***** Data records *****

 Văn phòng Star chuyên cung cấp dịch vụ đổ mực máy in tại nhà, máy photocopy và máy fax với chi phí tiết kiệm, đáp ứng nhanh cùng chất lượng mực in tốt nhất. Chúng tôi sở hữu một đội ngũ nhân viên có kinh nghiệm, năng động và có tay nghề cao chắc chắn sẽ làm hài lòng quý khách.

*****
***** Data records *****

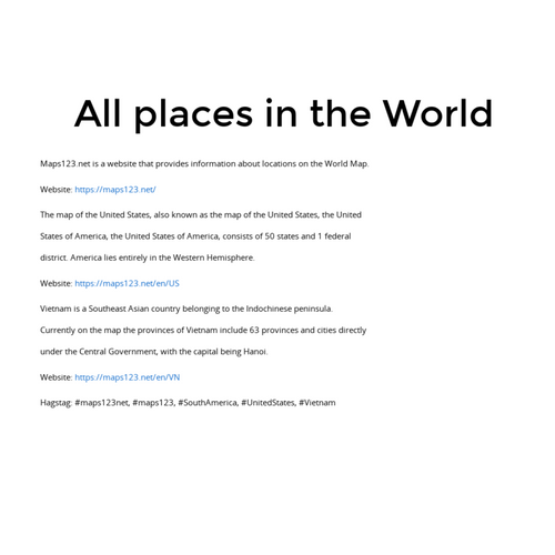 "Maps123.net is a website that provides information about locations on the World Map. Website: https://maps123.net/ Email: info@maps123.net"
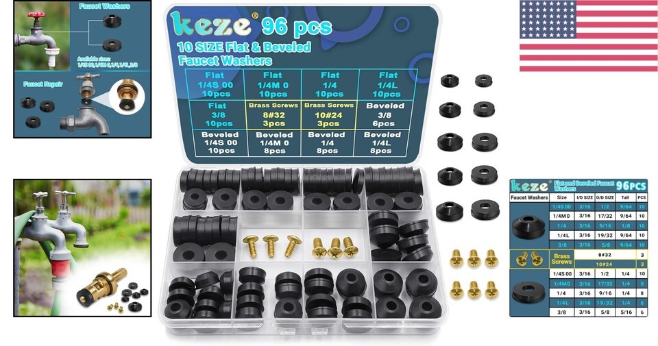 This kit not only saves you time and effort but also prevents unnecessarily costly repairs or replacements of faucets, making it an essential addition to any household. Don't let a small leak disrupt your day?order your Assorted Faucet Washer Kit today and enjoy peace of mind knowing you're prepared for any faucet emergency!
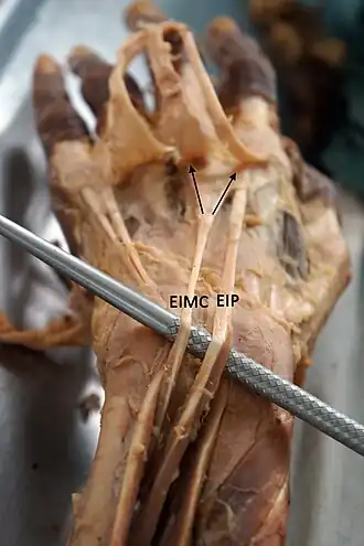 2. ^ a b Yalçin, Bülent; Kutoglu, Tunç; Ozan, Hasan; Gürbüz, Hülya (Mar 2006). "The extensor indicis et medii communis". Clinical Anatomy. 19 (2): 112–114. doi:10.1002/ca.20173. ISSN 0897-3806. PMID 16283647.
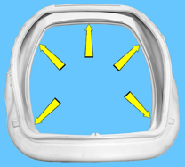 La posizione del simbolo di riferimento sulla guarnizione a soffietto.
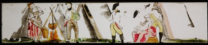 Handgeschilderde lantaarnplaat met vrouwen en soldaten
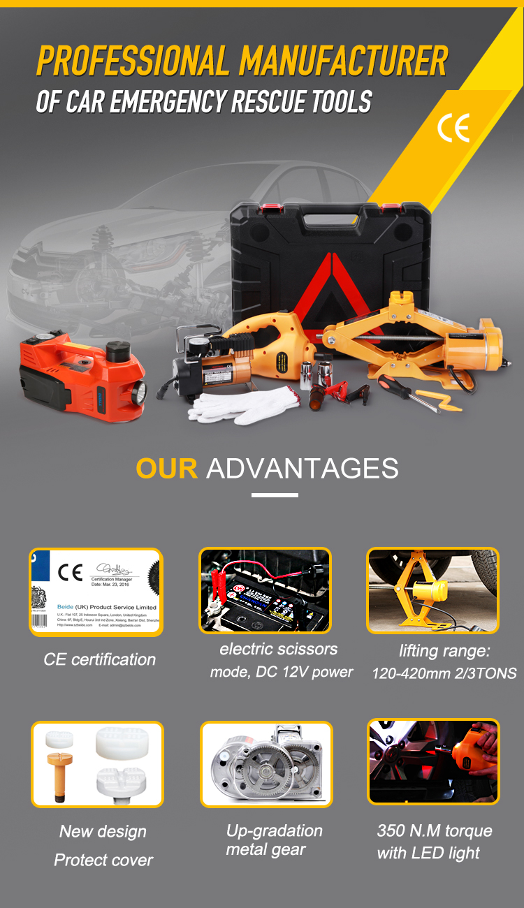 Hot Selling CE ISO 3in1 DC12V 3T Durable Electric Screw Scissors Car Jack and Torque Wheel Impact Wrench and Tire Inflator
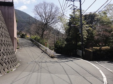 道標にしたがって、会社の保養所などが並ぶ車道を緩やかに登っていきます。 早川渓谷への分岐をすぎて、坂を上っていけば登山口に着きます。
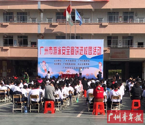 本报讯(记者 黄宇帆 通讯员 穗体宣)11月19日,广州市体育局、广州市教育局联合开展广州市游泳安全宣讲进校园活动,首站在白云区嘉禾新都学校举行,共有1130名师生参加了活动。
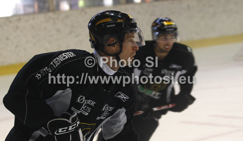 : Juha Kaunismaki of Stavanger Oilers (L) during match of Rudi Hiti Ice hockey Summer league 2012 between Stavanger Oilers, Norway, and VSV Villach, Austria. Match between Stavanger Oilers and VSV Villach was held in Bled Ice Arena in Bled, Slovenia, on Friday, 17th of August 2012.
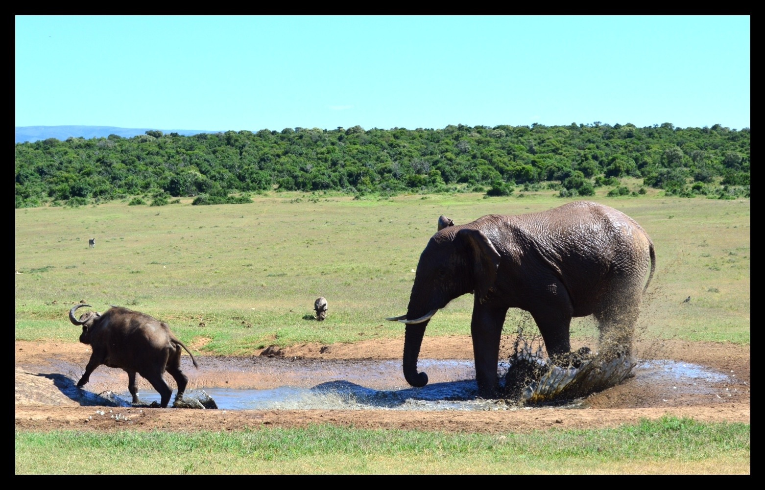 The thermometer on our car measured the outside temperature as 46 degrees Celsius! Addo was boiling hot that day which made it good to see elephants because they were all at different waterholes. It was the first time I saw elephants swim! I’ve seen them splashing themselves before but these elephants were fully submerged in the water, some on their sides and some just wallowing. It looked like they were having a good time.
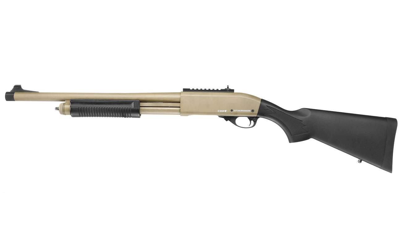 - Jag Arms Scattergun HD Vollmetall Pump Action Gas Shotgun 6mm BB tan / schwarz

*****

### Task item
Within the listing above, the stretch from the line with "Handgeschilderde lantaarnplaat met" down to the line with "本报讯(记者 黄宇帆 通讯员" is to be given again exactly, end lines included and pictures excluded.

### Your solution
 Handgeschilderde lantaarnplaat met vrouwen en soldaten
 Hot Selling CE ISO 3in1 DC12V 3T Durable Electric Screw Scissors Car Jack and Torque Wheel Impact Wrench and Tire Inflator
 道標にしたがって、会社の保養所などが並ぶ車道を緩やかに登っていきます。 早川渓谷への分岐をすぎて、坂を上っていけば登山口に着きます。
 本报讯(记者 黄宇帆 通讯员 穗体宣)11月19日,广州市体育局、广州市教育局联合开展广州市游泳安全宣讲进校园活动,首站在白云区嘉禾新都学校举行,共有1130名师生参加了活动。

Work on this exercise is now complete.